8. Compte tenu de ce qui a été dit aux points 4 et 6, M. A... n'établit pas que l'arrêté attaqué aurait porté à sa vie privée et familiale une atteinte disproportionnée aux buts en vue desquels il a été pris. Le moyen tiré de la violation des stipulations de l'article 8 de la convention européenne de sauvegarde des droits de l'homme et des libertés fondamentales doit, par suite, être écarté ainsi que celui, pour les mêmes motifs, tiré de l'erreur manifestation d'appréciation.
9. Il résulte de tout ce qui précède que M. A... n'est pas fondé à soutenir que c'est à tort que, par le jugement attaqué, le tribunal administratif de Paris a rejeté sa demande. Par voie de conséquence, ses conclusions à fin d'injonction ainsi que celles présentées sur le fondement de l'article L. 761-1 du code de justice administrative doivent être rejetées.
D E C I D E :
Article 1er : La requête de M. A... est rejetée.
Article 2 : Le présent arrêt sera notifié à M. D... A... et au ministre de l'intérieur et des Outre-mer.
Copie en sera adressée au préfet de police.
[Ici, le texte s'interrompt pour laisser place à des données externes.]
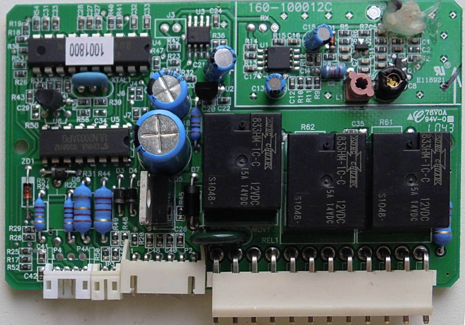 радиоприёмная часть сделана в виде модуля в углу платы, от неё идёт Rx к основной части платы.
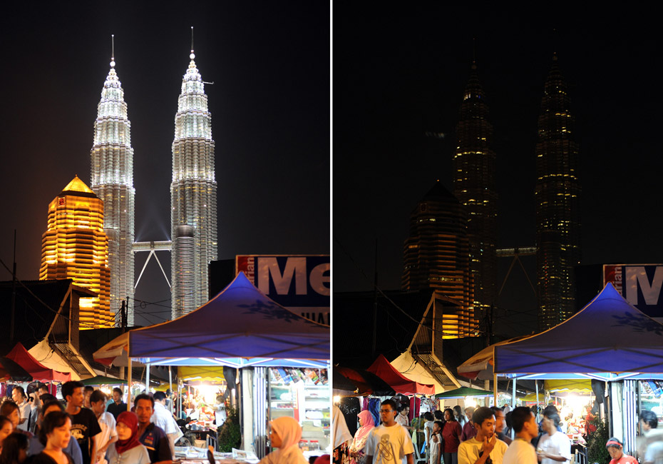 由世界自然基金會發(fā)起的“地球一小時”環(huán);顒27日20點30分按照時區(qū)依次在全球數(shù)千個城市展開。圖為馬來西亞吉隆坡雙子星塔在參與“地球一小時”熄燈活動前與熄燈后的情況。

Délibéré après l'audience du 16 septembre 2022, à laquelle siégeaient :
- Mme Heers, présidente de chambre,
- Mme Briançon, présidente-assesseure,
- M. Mantz, premier conseiller.
Rendu public par mise à disposition au greffe le 30 septembre 2022.
Le rapporteur,
P. C...
La présidente,
M. B...
La greffière,
O. BADOUX-GRARE
La République mande et ordonne au ministre de l'intérieur et des outre-mer en ce qui le concerne ou à tous commissaires de justice à ce requis en ce qui concerne les voies de droit commun contre les parties privées, de pourvoir à l'exécution de la présente décision.